- Born: June 8, 1960 (age 66)
- Origin: Brigham City, Utah, United States
- Genres: Gospel; pop;
- Occupations: Composer; performer; pianist;
- Instrument: Piano
- Years active: 1990–present
- Website: www.garthsmithmusic.com

YouTube information
- Channel: Garth Smith Music;
- Years active: 2015–present
- Subscribers: 1.48 thousand
- Views: 883 thousand

= Garth Smith (musician, born 1960) =

Garth William Smith (born June 8, 1960) is an American pianist and composer. Since 2014, he has focused on composing uplifting piano arrangements of popular hymns from the Church of Jesus Christ of Latter-day Saints (LDS).

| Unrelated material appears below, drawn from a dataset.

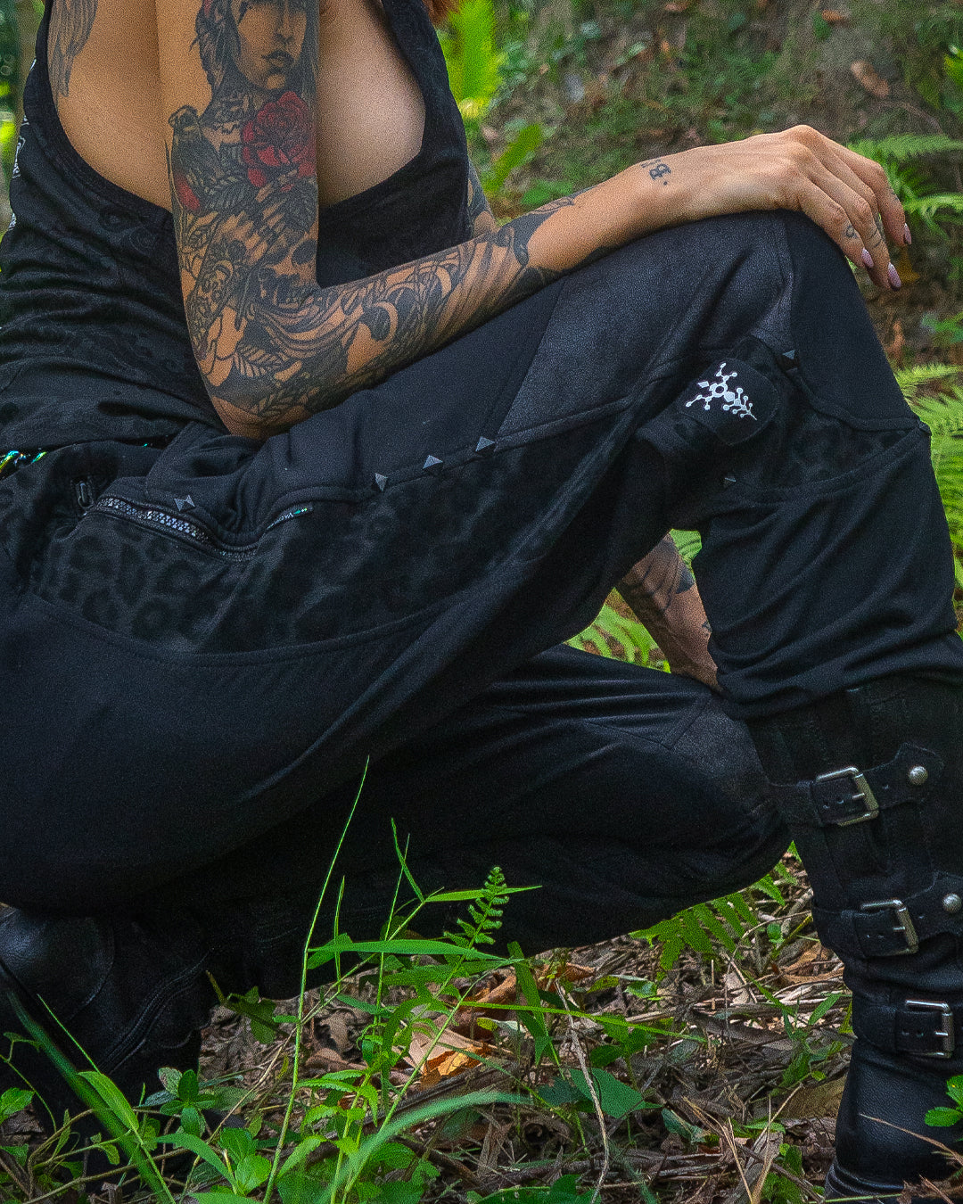 Amazing Dark LEOPARD Fake Leather Patches Cotton Fleece Joggers,

== Early life and education ==
Garth was born in Brigham City, Utah, the son of a senior executive chemical engineer working at Thiokol, G. Ray and JoAnne (Petty) Smith. After taking a short break to serve a mission to the Navajo people of Northern Arizona, Smith completed a college degree in Design Engineering Technology from Brigham Young University, graduating in the class of 1988. Afterwards, Smith accepted a position at Intergraph Corporation in Huntsville, Alabama. Later he moved to Carlsbad, California, to accept a design position with Callaway Golf.

== Music career ==

Smith began his classical musical training on the piano at age five. As a missionary and college student he entertained with his piano skills, including a special performance of a Beethoven sonata to over 15,000 people in the BYU Marriott Center at his college graduation.

Smith has been a member of the American Society of Composers, Authors, and Publishers (ASCAP) and the Nashville Songwriters Association International. In 1999 he was the recipient of the California Country Music Association (CCMA) "Song of the Year" award for the song "Last Call." He has also performed as a keyboardist in jazz, rock, and country bands.

=== Nashville era ===
While living in Alabama, Smith was introduced "Writers in the Round" at the famous Bluebird Cafe in Nashville, Tennessee, a club famous for intimate, acoustic music performed by its composers. Soon, Smith was active participant there, performing his own original compositions.

Smith also participated as both a rehearsal and performance pianist in the local community theaters of Huntsville. He also joined in various local bands touring throughout Northern Alabama and Southern Tennessee. They also participated in local music festivals including Huntsville's annual Panoply Arts Festival.

=== California era ===
Relocating to Southern California in 1996, Smith continued playing in country bands, as well as developing his songwriting abilities. His bands have played at many popular venues such as the Viejas Casino and the San Diego County Fair.

== LDS hymns ==
By 2014, Smith had turned his music to creating artistic arrangements of popular gospel hymns of the LDS Church, producing several albums, music videos and other related works. His work is available through Deseret Book.

=== Albums ===
Smith's first album, released in 2014, is titled Sacred Hymns Arranged and Performed on the Piano. The album was warmly received by Meridian Magazine.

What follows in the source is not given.